> Data supplied:
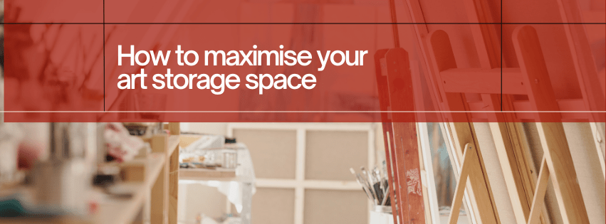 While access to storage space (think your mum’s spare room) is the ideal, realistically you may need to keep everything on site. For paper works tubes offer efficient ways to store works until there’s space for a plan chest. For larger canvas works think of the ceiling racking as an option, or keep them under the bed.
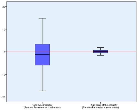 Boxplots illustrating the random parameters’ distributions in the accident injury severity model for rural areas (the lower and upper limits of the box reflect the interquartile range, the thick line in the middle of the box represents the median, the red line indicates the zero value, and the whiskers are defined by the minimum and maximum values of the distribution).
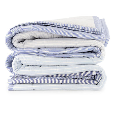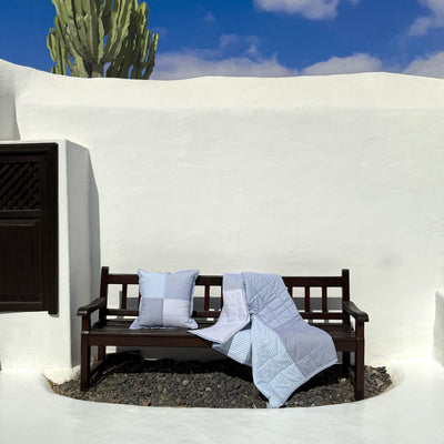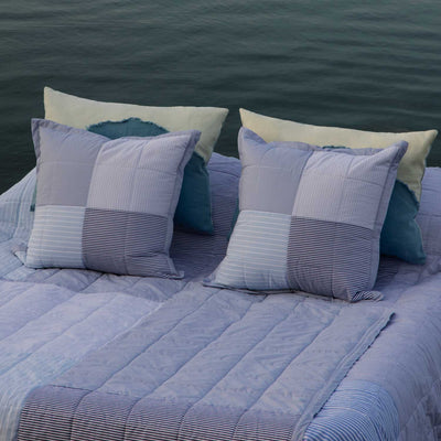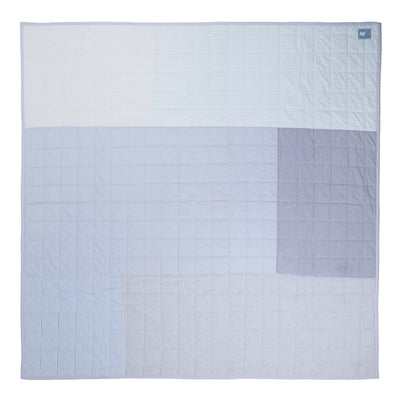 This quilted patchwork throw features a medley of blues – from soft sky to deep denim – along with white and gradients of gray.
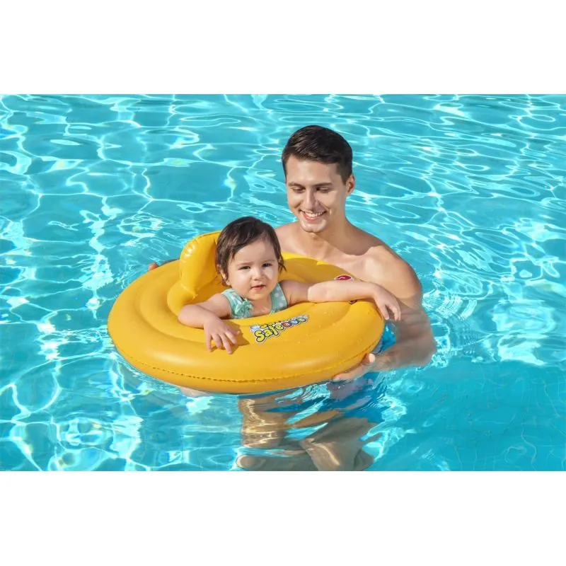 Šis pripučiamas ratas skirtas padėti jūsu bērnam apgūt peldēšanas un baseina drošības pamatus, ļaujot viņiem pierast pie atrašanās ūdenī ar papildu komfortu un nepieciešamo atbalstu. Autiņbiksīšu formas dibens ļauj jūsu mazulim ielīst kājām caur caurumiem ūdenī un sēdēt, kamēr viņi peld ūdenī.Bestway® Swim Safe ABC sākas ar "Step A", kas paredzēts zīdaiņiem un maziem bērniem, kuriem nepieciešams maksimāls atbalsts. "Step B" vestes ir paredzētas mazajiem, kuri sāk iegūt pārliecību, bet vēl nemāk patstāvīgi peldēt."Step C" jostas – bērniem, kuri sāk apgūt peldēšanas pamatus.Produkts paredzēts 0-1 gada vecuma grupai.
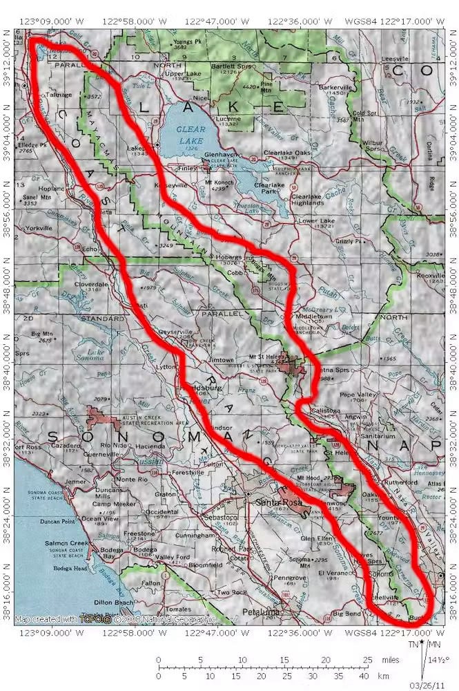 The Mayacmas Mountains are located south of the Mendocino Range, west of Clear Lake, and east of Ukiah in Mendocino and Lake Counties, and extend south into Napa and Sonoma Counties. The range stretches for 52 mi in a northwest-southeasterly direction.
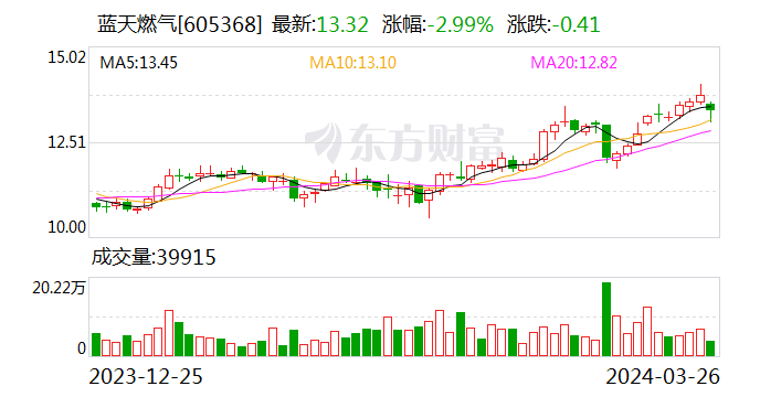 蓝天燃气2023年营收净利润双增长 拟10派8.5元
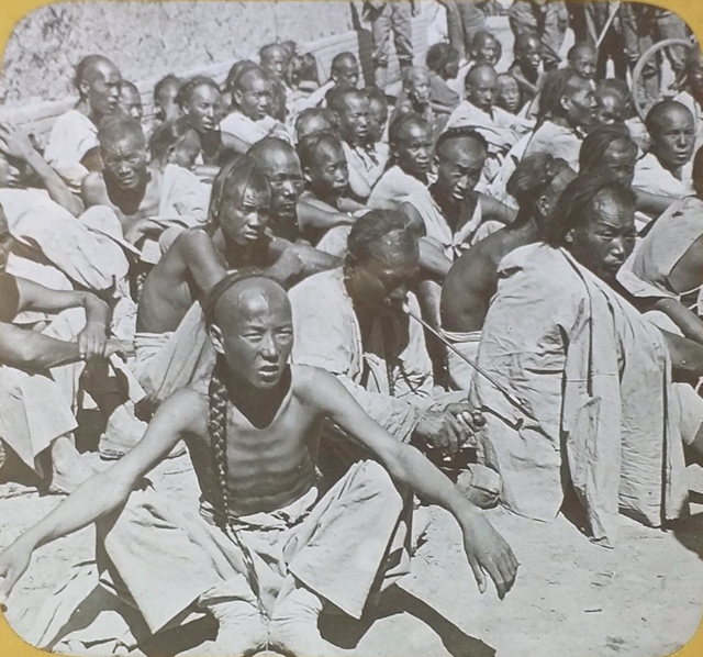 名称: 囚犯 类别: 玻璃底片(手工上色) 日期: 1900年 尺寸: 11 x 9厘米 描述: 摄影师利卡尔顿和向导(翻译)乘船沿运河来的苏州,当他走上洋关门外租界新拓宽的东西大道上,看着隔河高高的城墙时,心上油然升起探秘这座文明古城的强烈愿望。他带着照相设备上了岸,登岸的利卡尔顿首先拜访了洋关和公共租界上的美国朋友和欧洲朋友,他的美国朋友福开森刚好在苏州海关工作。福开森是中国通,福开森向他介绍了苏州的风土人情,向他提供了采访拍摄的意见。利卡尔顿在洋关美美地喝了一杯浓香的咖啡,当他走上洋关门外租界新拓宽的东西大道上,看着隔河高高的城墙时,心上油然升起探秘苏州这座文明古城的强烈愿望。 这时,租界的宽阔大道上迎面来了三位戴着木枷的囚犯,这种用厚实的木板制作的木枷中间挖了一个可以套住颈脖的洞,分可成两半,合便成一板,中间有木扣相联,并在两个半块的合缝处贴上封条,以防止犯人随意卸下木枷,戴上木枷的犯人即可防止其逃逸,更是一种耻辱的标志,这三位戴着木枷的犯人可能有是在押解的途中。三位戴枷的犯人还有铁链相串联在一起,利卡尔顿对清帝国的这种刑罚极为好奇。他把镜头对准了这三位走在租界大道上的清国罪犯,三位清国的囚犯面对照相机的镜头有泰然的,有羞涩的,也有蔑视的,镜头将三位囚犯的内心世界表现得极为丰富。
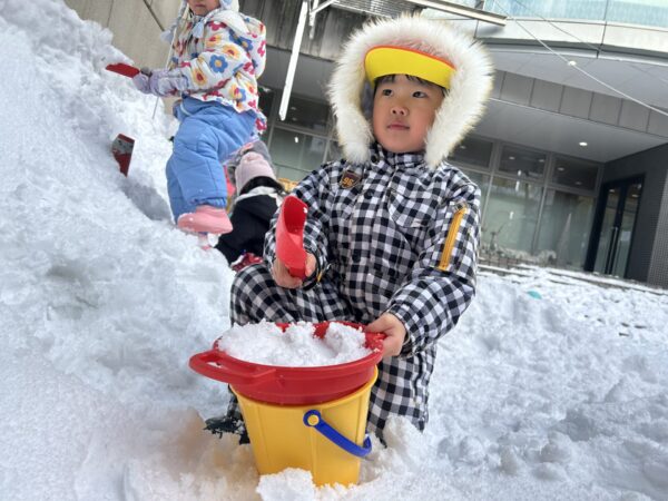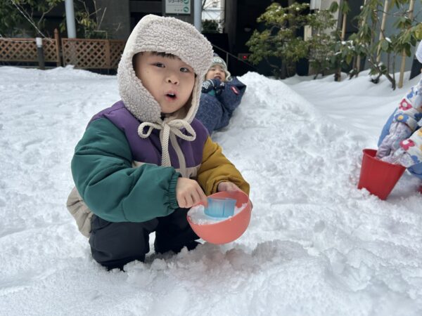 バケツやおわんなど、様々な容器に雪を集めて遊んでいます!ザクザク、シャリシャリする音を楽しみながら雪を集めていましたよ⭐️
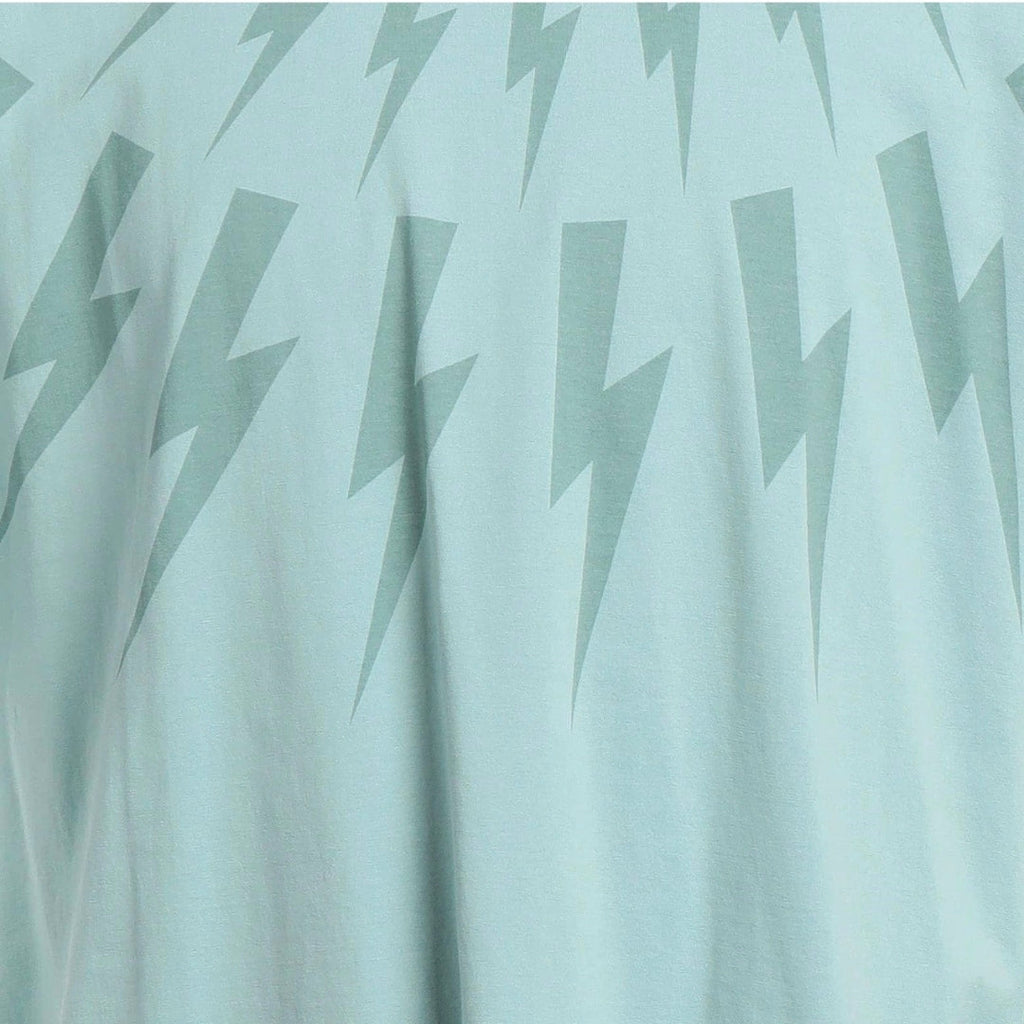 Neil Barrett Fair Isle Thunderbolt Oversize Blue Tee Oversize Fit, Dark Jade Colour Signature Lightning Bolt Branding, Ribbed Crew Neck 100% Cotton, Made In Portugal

> Work to complete:
Hand back the data exactly as it appears, with all pictures cut.

> Result of the task:
 While access to storage space (think your mum’s spare room) is the ideal, realistically you may need to keep everything on site. For paper works tubes offer efficient ways to store works until there’s space for a plan chest. For larger canvas works think of the ceiling racking as an option, or keep them under the bed.
 Boxplots illustrating the random parameters’ distributions in the accident injury severity model for rural areas (the lower and upper limits of the box reflect the interquartile range, the thick line in the middle of the box represents the median, the red line indicates the zero value, and the whiskers are defined by the minimum and maximum values of the distribution).
 This quilted patchwork throw features a medley of blues – from soft sky to deep denim – along with white and gradients of gray.
 Šis pripučiamas ratas skirtas padėti jūsu bērnam apgūt peldēšanas un baseina drošības pamatus, ļaujot viņiem pierast pie atrašanās ūdenī ar papildu komfortu un nepieciešamo atbalstu. Autiņbiksīšu formas dibens ļauj jūsu mazulim ielīst kājām caur caurumiem ūdenī un sēdēt, kamēr viņi peld ūdenī.Bestway® Swim Safe ABC sākas ar "Step A", kas paredzēts zīdaiņiem un maziem bērniem, kuriem nepieciešams maksimāls atbalsts. "Step B" vestes ir paredzētas mazajiem, kuri sāk iegūt pārliecību, bet vēl nemāk patstāvīgi peldēt."Step C" jostas – bērniem, kuri sāk apgūt peldēšanas pamatus.Produkts paredzēts 0-1 gada vecuma grupai.
 The Mayacmas Mountains are located south of the Mendocino Range, west of Clear Lake, and east of Ukiah in Mendocino and Lake Counties, and extend south into Napa and Sonoma Counties. The range stretches for 52 mi in a northwest-southeasterly direction.
 蓝天燃气2023年营收净利润双增长 拟10派8.5元
 名称: 囚犯 类别: 玻璃底片(手工上色) 日期: 1900年 尺寸: 11 x 9厘米 描述: 摄影师利卡尔顿和向导(翻译)乘船沿运河来的苏州,当他走上洋关门外租界新拓宽的东西大道上,看着隔河高高的城墙时,心上油然升起探秘这座文明古城的强烈愿望。他带着照相设备上了岸,登岸的利卡尔顿首先拜访了洋关和公共租界上的美国朋友和欧洲朋友,他的美国朋友福开森刚好在苏州海关工作。福开森是中国通,福开森向他介绍了苏州的风土人情,向他提供了采访拍摄的意见。利卡尔顿在洋关美美地喝了一杯浓香的咖啡,当他走上洋关门外租界新拓宽的东西大道上,看着隔河高高的城墙时,心上油然升起探秘苏州这座文明古城的强烈愿望。 这时,租界的宽阔大道上迎面来了三位戴着木枷的囚犯,这种用厚实的木板制作的木枷中间挖了一个可以套住颈脖的洞,分可成两半,合便成一板,中间有木扣相联,并在两个半块的合缝处贴上封条,以防止犯人随意卸下木枷,戴上木枷的犯人即可防止其逃逸,更是一种耻辱的标志,这三位戴着木枷的犯人可能有是在押解的途中。三位戴枷的犯人还有铁链相串联在一起,利卡尔顿对清帝国的这种刑罚极为好奇。他把镜头对准了这三位走在租界大道上的清国罪犯,三位清国的囚犯面对照相机的镜头有泰然的,有羞涩的,也有蔑视的,镜头将三位囚犯的内心世界表现得极为丰富。
 バケツやおわんなど、様々な容器に雪を集めて遊んでいます!ザクザク、シャリシャリする音を楽しみながら雪を集めていましたよ⭐️
 Neil Barrett Fair Isle Thunderbolt Oversize Blue Tee Oversize Fit, Dark Jade Colour Signature Lightning Bolt Branding, Ribbed Crew Neck 100% Cotton, Made In Portugal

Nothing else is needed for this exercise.